**Exercise**.
Set down the records exactly as they stand, except for any pictures, which you should omit.

[Data extracted from a collection]
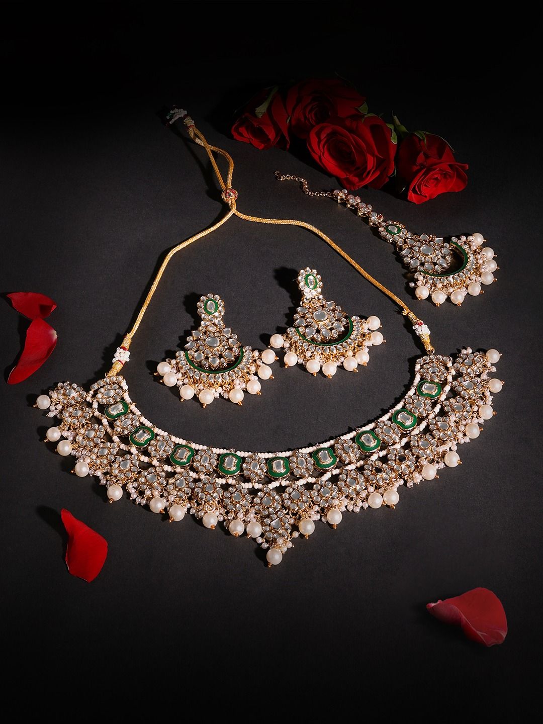 ₹310.00Rose Gold-Plated AD-Studded Jewellery Set
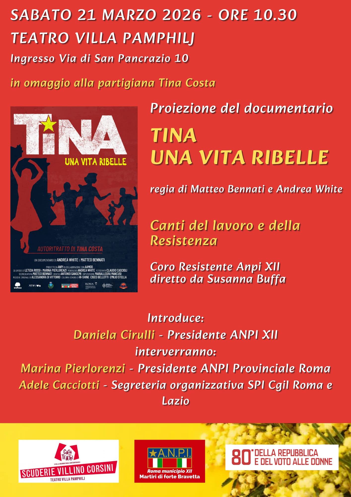Sabato 21 marzo 2026 ore 10:30 - Teatro Villa Pamphilj (ingresso Via di San Pancrazio 10 - Roma
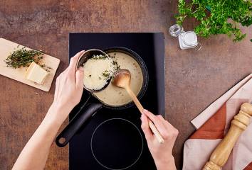 Smotanu a dijonskú horčicu zmiešame, prilejeme do koňaku a varíme asi 5 minút. Pridáme parmezán a roztopíme ho za stáleho miešania. Odstavíme.
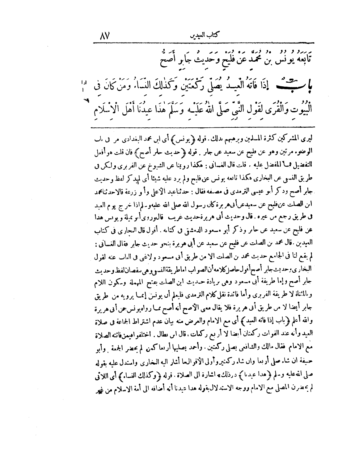ليرى المشركين كثرة المسلمين ويرهبهم بذلك, قوله ((يونس)) أي ابن محمد البغدادي مر في باب الوضوء مرتين وهو عن فليح عن سعيد عن جابر , قوله ((حديث جابر أصح)) فإن قلت هو أفعل التفضيل فما المفضل عليه, قلت قال الغساني: هكذا روينا عن الشيوخ عن الفريري ولكن في طريق النسفي عن البخاري هكذا تابعه يونس عن فليح ولم يرد عليه شيئا أي لم يذكر لفظ وحديث جابر أصح وذكر أبو عيسى الترمذي في مصنفه فقال: حدثنا عبد الأعلى وأوزرعة قالا حدثنا محمد ابن الصلت عن فليح عن سعيد عن أبي هريرة كان رسول الله صلى الله عليه وسلم إذا خرج يوم العيد في طريق رجع من غيره, قال وحديث أبي هريرة حديث غريب قال وروى أبو نميلة ويونس هذا عن سعيد عن جابر وذكر أبو مسعود الدمشقي في كتابه, أقول قال البخاري في كتاب العيدين, قال محمد بن الصلت عن فليح عن سعيد عن أبي هريرة بنحو حديث جابر فقال الغساني: لم يقع لنا في الجامع حديث محمد بن الصلت إلا من طريق أبي مسعود ولاغي في الباب عنه لقول البخاري وحديث جابر أصح أقول حاصل كلامه أن الصواب إما طريقة النسفي وهي نقصان لفظ وحديث جابر أصح وإما طريقة أبي مسعود وهي بزيادة حديث ابن الصلت بفتح المهملة وسكون اللام وبالمثناة لا طريقة الفريري وأما فائدة نقل كلام الترمذي فليعلم أن يونس إنما يرويه من طريق جابر أيضا لا من طريق أبي هريرة فلا يقال معي أنه أصح مما رواه يونس عن أبي هريرة والله أعلم ((باب إذا فاته العيد)) أي مع الإمام والعرض منه بيان عدم اشتراط الجماعة في صلاة العيد وأنه عند فوات ركعتان أيضا لا أربع ركعات, قال ابن بطال: اختلفوا فيمن فاتته الصلاة مع الإمام فقال مالك والشافعي يصلي ركعتين, وأحمد يصليها أربعا كمن لم يحضر الجمعة, وأبو حنيفة إن شاء الله ركعتين وأولى الأقوال ما أشار إليه البخاري واستدل عليه بقوله صلى الله عليه وسلم ((هذا عيدنا)) هو ذلك إشارة إلى الصلاة, قوله ((وكذلك النساء)) أي اللائي لم يحضرن المصلى مع الإمام ووجه الاستدلال بقوله هذا عيدنا أنه أضافه إلى أمة الإسلام من غير
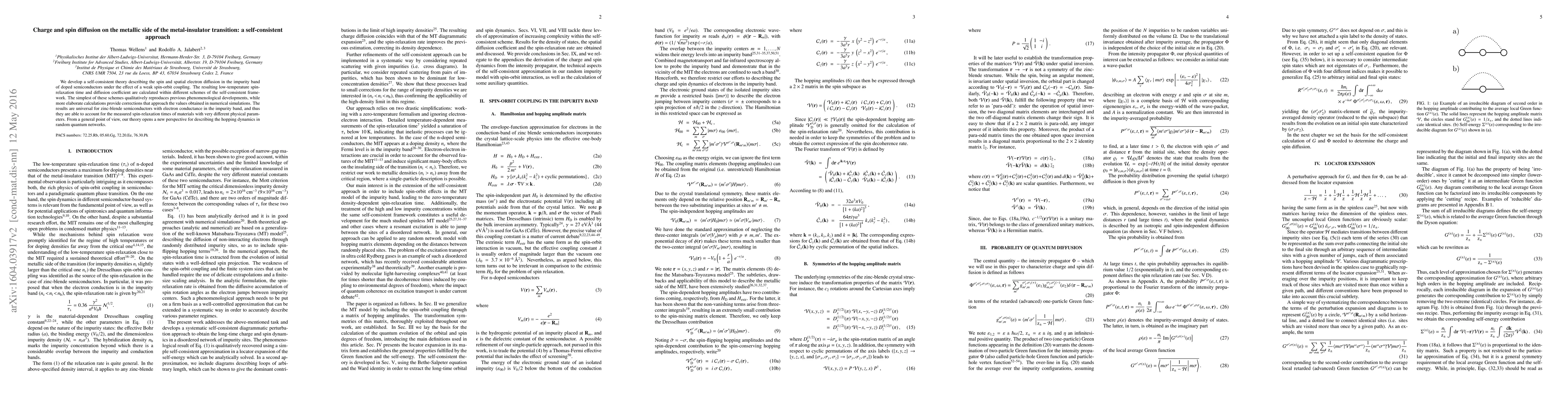 We develop a self-consistent theory describing the spin and spatial electron diffusion in the impurity band of doped semiconductors under the effect of a weak spin-orbit coupling. The resulting low-temperature spin-relaxation time and diffusion coefficient are calculated within different schemes of the self-consistent framework. The simplest of these schemes qualitatively reproduces previous phenomenological developments, while more elaborate calculations provide corrections that approach the values obtained in numerical simulations. The results are universal for zinc-blende semiconductors with electron conductance in the impurity band, and thus they are able to account for the measured spin-relaxation times of materials with very different physical parameters. From a general point of view, our theory opens a new perspective for describing the hopping dynamics in random quantum networks.
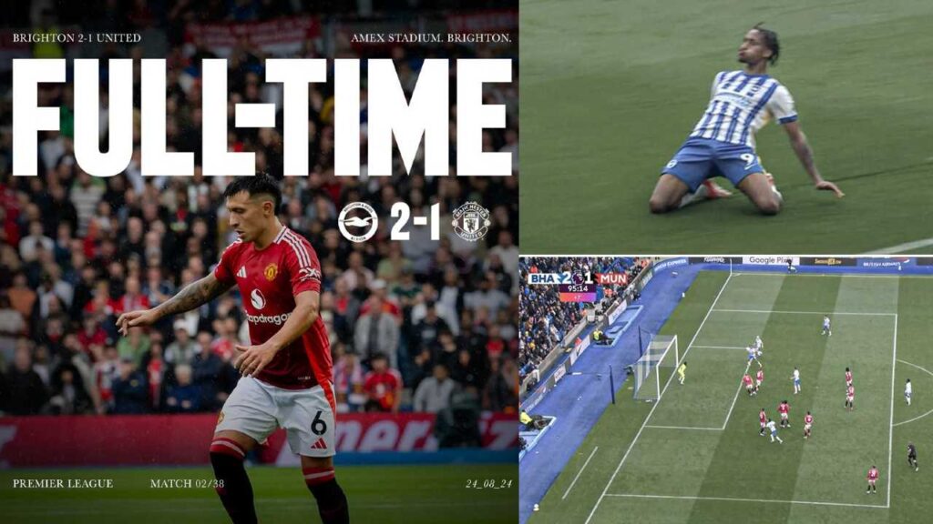 မနေ့ညက ကစားခဲ့တ့ ပရီးမီးယားလိဂ်ပွဲစဉ် ၂ မှာ မန်ချက်စတာယူနိုက်တက်အသင်းဟာ ဘရိုက်တန်ကို အဝေးကွင်းမှာ ၂-၁ ဂိုးနဲ့ရှုံးနိမ့်ခဲ့ပြီး စောစောစီးစီး ရှုံးပွဲစတင်ကြုံတွေ့ခဲ့ပြီဖြစ်ပါတယ်။
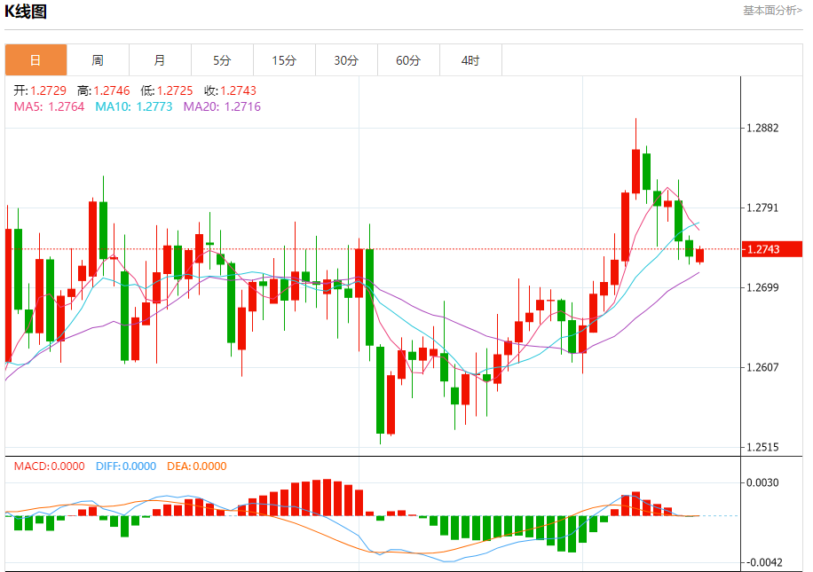 汇价高见1.2746,低见1.2725。上一交易日,汇价收于1.2735。

**Output for this exercise**.
 ₹310.00Rose Gold-Plated AD-Studded Jewellery Set
Sabato 21 marzo 2026 ore 10:30 - Teatro Villa Pamphilj (ingresso Via di San Pancrazio 10 - Roma
 Smotanu a dijonskú horčicu zmiešame, prilejeme do koňaku a varíme asi 5 minút. Pridáme parmezán a roztopíme ho za stáleho miešania. Odstavíme.
ليرى المشركين كثرة المسلمين ويرهبهم بذلك, قوله ((يونس)) أي ابن محمد البغدادي مر في باب الوضوء مرتين وهو عن فليح عن سعيد عن جابر , قوله ((حديث جابر أصح)) فإن قلت هو أفعل التفضيل فما المفضل عليه, قلت قال الغساني: هكذا روينا عن الشيوخ عن الفريري ولكن في طريق النسفي عن البخاري هكذا تابعه يونس عن فليح ولم يرد عليه شيئا أي لم يذكر لفظ وحديث جابر أصح وذكر أبو عيسى الترمذي في مصنفه فقال: حدثنا عبد الأعلى وأوزرعة قالا حدثنا محمد ابن الصلت عن فليح عن سعيد عن أبي هريرة كان رسول الله صلى الله عليه وسلم إذا خرج يوم العيد في طريق رجع من غيره, قال وحديث أبي هريرة حديث غريب قال وروى أبو نميلة ويونس هذا عن سعيد عن جابر وذكر أبو مسعود الدمشقي في كتابه, أقول قال البخاري في كتاب العيدين, قال محمد بن الصلت عن فليح عن سعيد عن أبي هريرة بنحو حديث جابر فقال الغساني: لم يقع لنا في الجامع حديث محمد بن الصلت إلا من طريق أبي مسعود ولاغي في الباب عنه لقول البخاري وحديث جابر أصح أقول حاصل كلامه أن الصواب إما طريقة النسفي وهي نقصان لفظ وحديث جابر أصح وإما طريقة أبي مسعود وهي بزيادة حديث ابن الصلت بفتح المهملة وسكون اللام وبالمثناة لا طريقة الفريري وأما فائدة نقل كلام الترمذي فليعلم أن يونس إنما يرويه من طريق جابر أيضا لا من طريق أبي هريرة فلا يقال معي أنه أصح مما رواه يونس عن أبي هريرة والله أعلم ((باب إذا فاته العيد)) أي مع الإمام والعرض منه بيان عدم اشتراط الجماعة في صلاة العيد وأنه عند فوات ركعتان أيضا لا أربع ركعات, قال ابن بطال: اختلفوا فيمن فاتته الصلاة مع الإمام فقال مالك والشافعي يصلي ركعتين, وأحمد يصليها أربعا كمن لم يحضر الجمعة, وأبو حنيفة إن شاء الله ركعتين وأولى الأقوال ما أشار إليه البخاري واستدل عليه بقوله صلى الله عليه وسلم ((هذا عيدنا)) هو ذلك إشارة إلى الصلاة, قوله ((وكذلك النساء)) أي اللائي لم يحضرن المصلى مع الإمام ووجه الاستدلال بقوله هذا عيدنا أنه أضافه إلى أمة الإسلام من غير
 We develop a self-consistent theory describing the spin and spatial electron diffusion in the impurity band of doped semiconductors under the effect of a weak spin-orbit coupling. The resulting low-temperature spin-relaxation time and diffusion coefficient are calculated within different schemes of the self-consistent framework. The simplest of these schemes qualitatively reproduces previous phenomenological developments, while more elaborate calculations provide corrections that approach the values obtained in numerical simulations. The results are universal for zinc-blende semiconductors with electron conductance in the impurity band, and thus they are able to account for the measured spin-relaxation times of materials with very different physical parameters. From a general point of view, our theory opens a new perspective for describing the hopping dynamics in random quantum networks.
 မနေ့ညက ကစားခဲ့တ့ ပရီးမီးယားလိဂ်ပွဲစဉ် ၂ မှာ မန်ချက်စတာယူနိုက်တက်အသင်းဟာ ဘရိုက်တန်ကို အဝေးကွင်းမှာ ၂-၁ ဂိုးနဲ့ရှုံးနိမ့်ခဲ့ပြီး စောစောစီးစီး ရှုံးပွဲစတင်ကြုံတွေ့ခဲ့ပြီဖြစ်ပါတယ်။
 汇价高见1.2746,低见1.2725。上一交易日,汇价收于1.2735。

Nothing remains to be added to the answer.